> _STORED DATA_
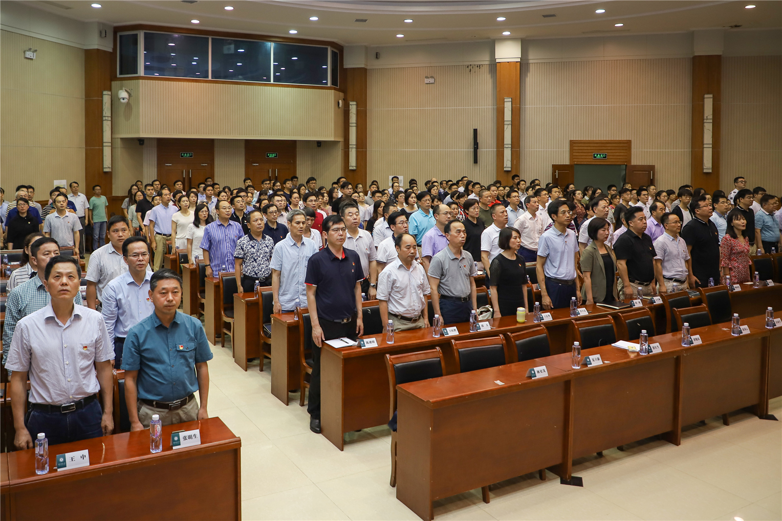华大在线讯(记者 郝日虹)6月28日,我校庆祝建党98周年暨“七一”表彰大会在科学会堂一楼报告厅举行。全体校领导,校长助理以及学校职能部门主要负责同志,二级单位分党委(党总支)书记、副书记出席。大会对2017~2019年度70个先进基层党组织、40名优秀党务工作者、220名优秀共产党员进行了表彰;为我校首批党建工作标杆分党委、样板党支部建设单位授牌。校长、党委副书记赵凌云主持表彰大会。
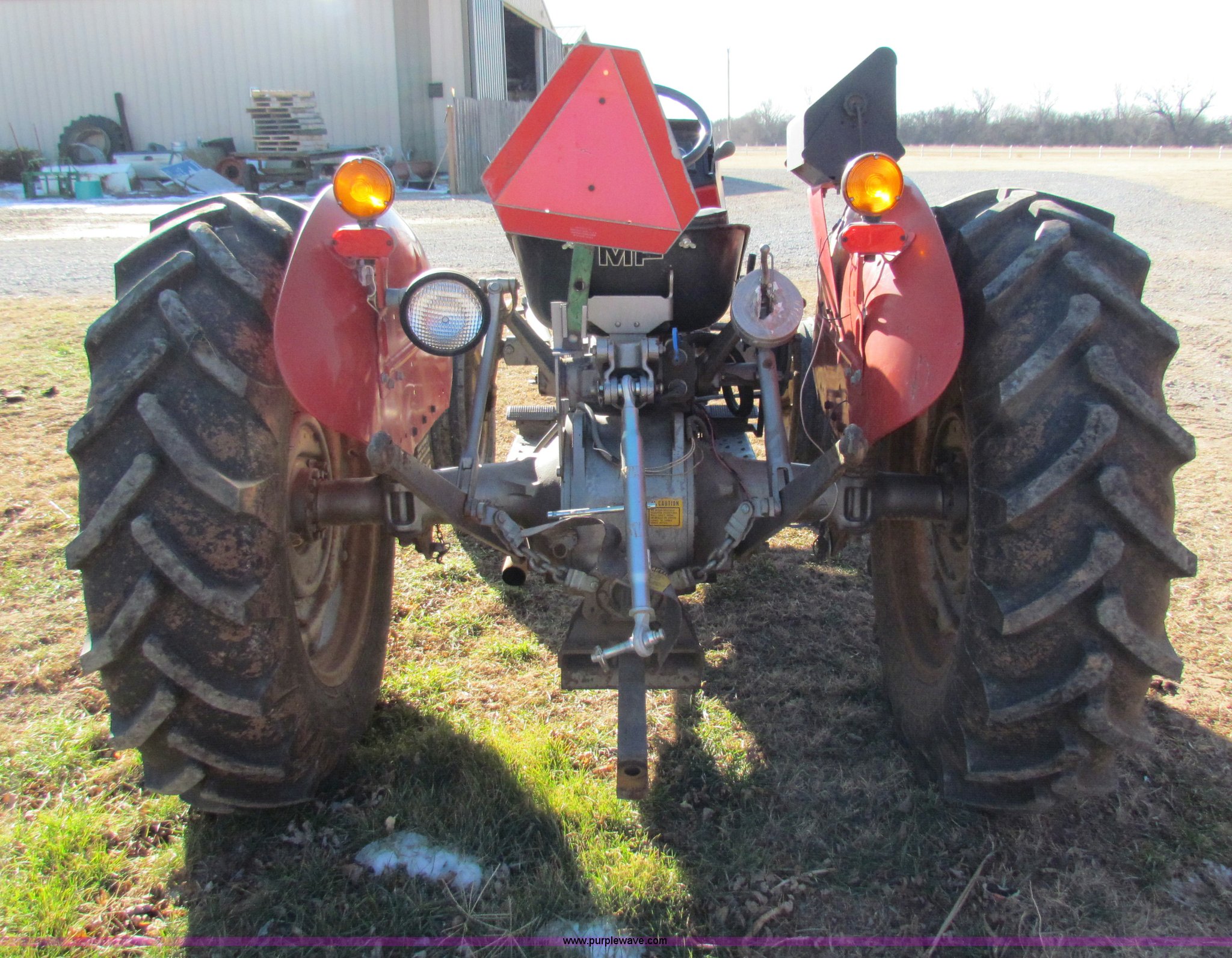 Purple Wave is selling a used Tractor in Oklahoma. This item is a 1982 Massey-Ferguson 230 tractor with the following: 839 hours on meter, Three cylinder diesel engine, 3F-1R gears, Hi-Low ranges, 540 PTO, Three point, Top link included, Draw bar, One rear hydraulic remote, 6.00x15SL front tires, 13.6x28 rear tires, Serial 9A352287
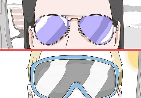 Wear eye protection. Even on cloudy days, exposure to harmful ultraviolet radiation can be high. To prevent damaging your eyes, wear sunglasses or goggles when outside during the winter. Goggles are best when snowboarding, snowmobiling, skiing, or engaging in other high-speed winter activities. Ask your optometrist to recommend goggles based on the specific winter activity (or activities) that you engage in, as they might be able to recommend goggles designed for a particular use. Regular sunglasses are best when skating, shoveling snow, or just walking about during winter. Choose wraparound frames to more fully protect your eye. Only wear eye protection that has been rated at least 99% UV-absorbent.
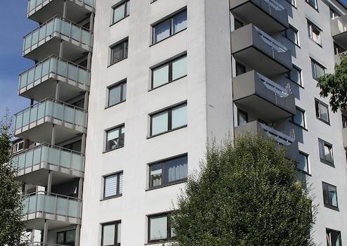 Das 7-stöckige Mehrfamilienhaus steht auf der Ecke Goethe-/Lindemannstraße. Vom Verkehr bekommt man im 6. Obergeschoss kaum etwas mit, hat dafür aber einen weiten Blick bis zum Grafenberger Wald oder bis zum Rheinturm.

> _TASK_
Produce an exact copy of every line above, with the images left out.

> _RESPONSE_
华大在线讯(记者 郝日虹)6月28日,我校庆祝建党98周年暨“七一”表彰大会在科学会堂一楼报告厅举行。全体校领导,校长助理以及学校职能部门主要负责同志,二级单位分党委(党总支)书记、副书记出席。大会对2017~2019年度70个先进基层党组织、40名优秀党务工作者、220名优秀共产党员进行了表彰;为我校首批党建工作标杆分党委、样板党支部建设单位授牌。校长、党委副书记赵凌云主持表彰大会。
 Purple Wave is selling a used Tractor in Oklahoma. This item is a 1982 Massey-Ferguson 230 tractor with the following: 839 hours on meter, Three cylinder diesel engine, 3F-1R gears, Hi-Low ranges, 540 PTO, Three point, Top link included, Draw bar, One rear hydraulic remote, 6.00x15SL front tires, 13.6x28 rear tires, Serial 9A352287
 Wear eye protection. Even on cloudy days, exposure to harmful ultraviolet radiation can be high. To prevent damaging your eyes, wear sunglasses or goggles when outside during the winter. Goggles are best when snowboarding, snowmobiling, skiing, or engaging in other high-speed winter activities. Ask your optometrist to recommend goggles based on the specific winter activity (or activities) that you engage in, as they might be able to recommend goggles designed for a particular use. Regular sunglasses are best when skating, shoveling snow, or just walking about during winter. Choose wraparound frames to more fully protect your eye. Only wear eye protection that has been rated at least 99% UV-absorbent.
 Das 7-stöckige Mehrfamilienhaus steht auf der Ecke Goethe-/Lindemannstraße. Vom Verkehr bekommt man im 6. Obergeschoss kaum etwas mit, hat dafür aber einen weiten Blick bis zum Grafenberger Wald oder bis zum Rheinturm.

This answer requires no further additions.